By MARGIE THOMSON
Could it be that we are all androgynous spirits - angels - given earthly form to help our loved ones at their most difficult times? Or that we are all, without exception, God's self-portraits?
To consider possibilities such as these, particularly the latter, is to enter the imaginative, mystical, mythic realm of novelist Richard Zimler.
This charming, talkative, expressive man is intrigued by such questions. His three novels, The Last Kabbalist of Lisbon, Unholy Ghosts and The Angelic Darkness, are dramatically constructed around them. Such interests add complexity and a personal stamp to his work and define the point at which real life and fiction blur.
"The books are both all me and very little about me," Zimler says.
His novels are not autobiographical. Nevertheless, he says, real-life experiences can end up coming out in his fiction in distorted ways.
For instance, the death of a brother from Aids in 1989 left him preoccupied with the meaning of an individual's life - a matter very much present in the minds of the central characters of The Last Kabbalist of Lisbon and The Angelic Darkness.
The Last Kabbalist of Lisbon, published in Portugal in 1996 after having been turned down by 24 American publishers, chronicles the massacre of Lisbon Jews in 1507. Interwoven with dense historical detailing of Jewish life and custom and overshot with kabbalistic mysticism, it is a murder-mystery which has been compared with Umberto Eco's Name of the Rose.

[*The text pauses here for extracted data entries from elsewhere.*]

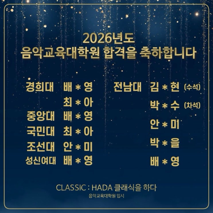 (❤️음악교육대학원입시/클래식을하다) 경희대 중앙대 국민대 성신여대 및 전남대 조선대 음악교육대학원 합격을 진심으로 축하드립니다
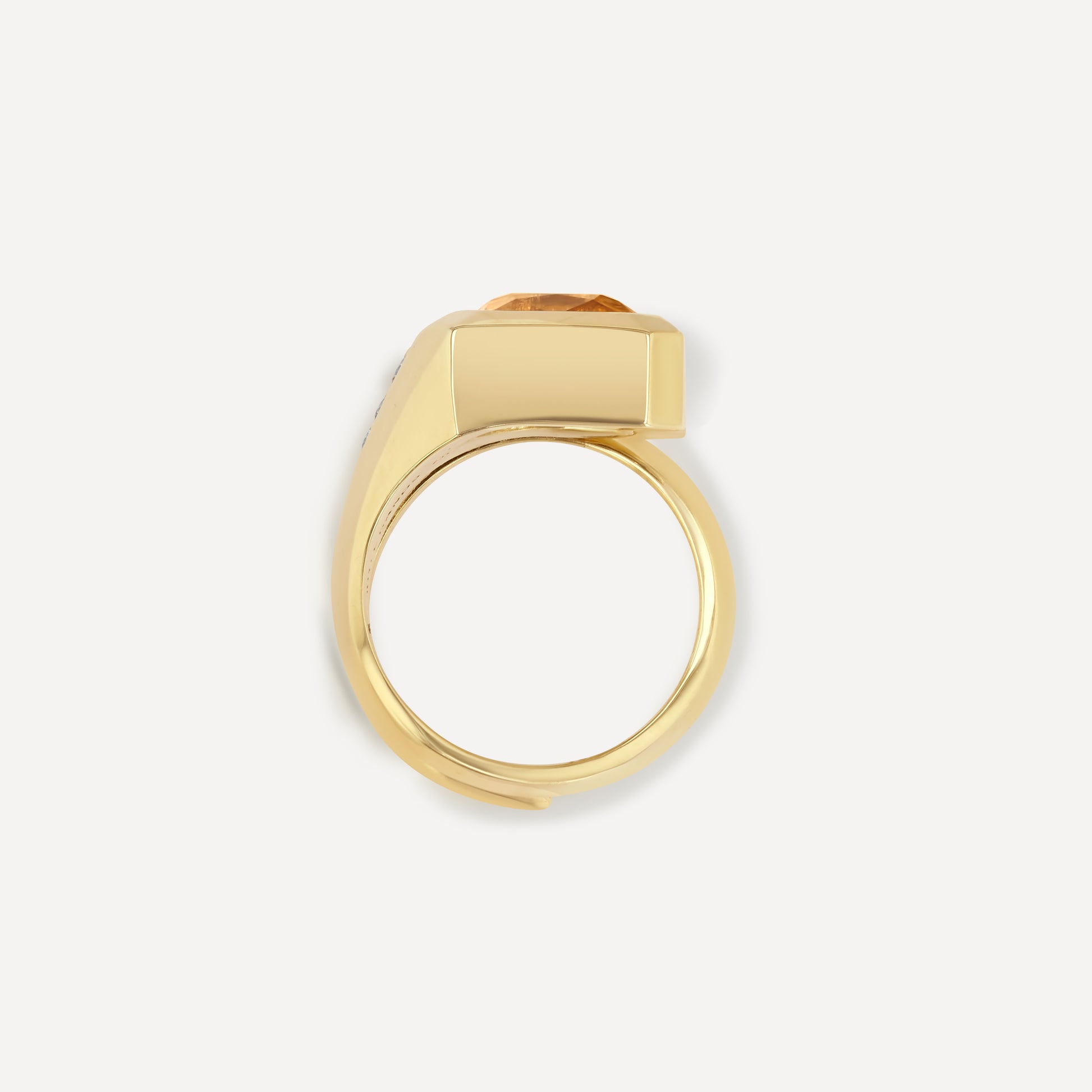 A modern wrap-style silhouette with a refined knife-edge band. The asymmetrical diamond accents create a striking, balanced look that feels both classic and unexpected. Weight is 10 grams.
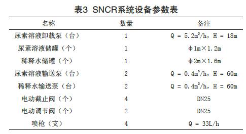 第一階段由于所燒物料性質的原因,通過SNCR脫硝系統,基本可滿足排放標準要求,但同時要預留好SCR脫硝系統接口,以備后續升級改造之需。SNCR脫硝系統的設備參數見表3。

The Angelic Darkness jumps forward almost 500 years, to 1980s San Francisco, where the narrator, Bill, is coming to a crisis-point in his life following the departure of his wife. He takes a room-mate, the exotic and possibly supernatural Peter, whose influence begins to transform Bill's "pale and repugnant inner life into a colourful source of wonder."
Says Zimler: "The experience of Bill meeting Peter was very much my experience of falling deeply in love 21 years ago with my partner.
"I had the feeling, because I was so fragile and vulnerable, that he was a very powerful person. So Peter, in a sense, is a representative or a metaphor for the power that people who love us have, and his supernatural powers and abilities are in some sense maybe a magic-realist interpretation of love."
Bill's journey of self-discovery takes him into some pretty seedy parts of San Francisco, where prostitutes tell their sad stories, lonely "ice women" act out their false desires, and also, as part of a parallel story, to the death camps of the Second World War. In all these places it is possible to ask, as Zimler does directly and obliquely, whether there is a watching God.
"And if there is, what was he or she doing at that point? Sleeping?" he asks, somewhat rhetorically.
Zimler is gay and Jewish, which puts him in a prime spot to be asking questions about identity, justice and the meaning of life.
All his mother's family except one was wiped out in the Holocaust and he acknowledges that period as a central reference point in his life.
"But it's not a Jewish question for me at all. Maybe the Holocaust is unique in its dimension but not in its emotions or tragedy.
"Bosnia Herzegovina, East Timor ... What's it all about? How can people permit this?"
Zimler grew up in suburban Long Island, New York, in a family of secular Jews. His mother had a library of about 4000 books and read widely and with erudition. His father filled in the gaps, reading science books, Dashiell Hammett and so on.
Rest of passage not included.